Find the inverse Laplace transform of the giveb function by using the convolution theorem.
$$F(x) = \frac{s}{(s+1)(s^2+4)}$$
If I use partial fractions I get: $$\frac{s+4}{5(s^2+4)} - \frac{1}{5(x+1)}$$
which gives me Laplace inverses:
$$\frac{1}{5}(\cos2t + \sin2t) -\frac{1}{5} e^{-t}$$
But the answer is: $$f(t) = \int^t_0 e^{-(t -\tau)}\cos(2\tau) d\tau$$
How did they get that?
Related techniques (I), (II).
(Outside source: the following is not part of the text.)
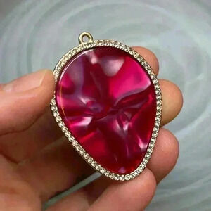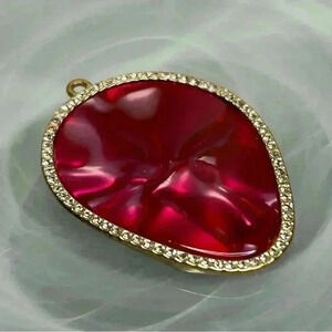 Beautiful Large Hot Pink Marbled Resin Surrounded by Crystals Gold Tone Pendant

Using the fact about the Laplace transform $L$ that
$$ L(f*g)=L(f)L(g)=F(s)G(s)\implies (f*g)(t)=L^{-1}(F(s)G(s)) .$$
In our case, given $ H(s)=\frac{1}{(s+1)}\frac{s}{(s^2+4)}$
$$F(s)=\frac{1}{s+1}\implies f(t)=e^{-t},\quad G(s)=\frac{s}{s^2+4}\implies g(t)=\cos(2t).$$
Now, you use the convolution as
$$ h(t) = \int_{0}^{t} e^{-(t-\tau)}\cos(2\tau) d\tau . $$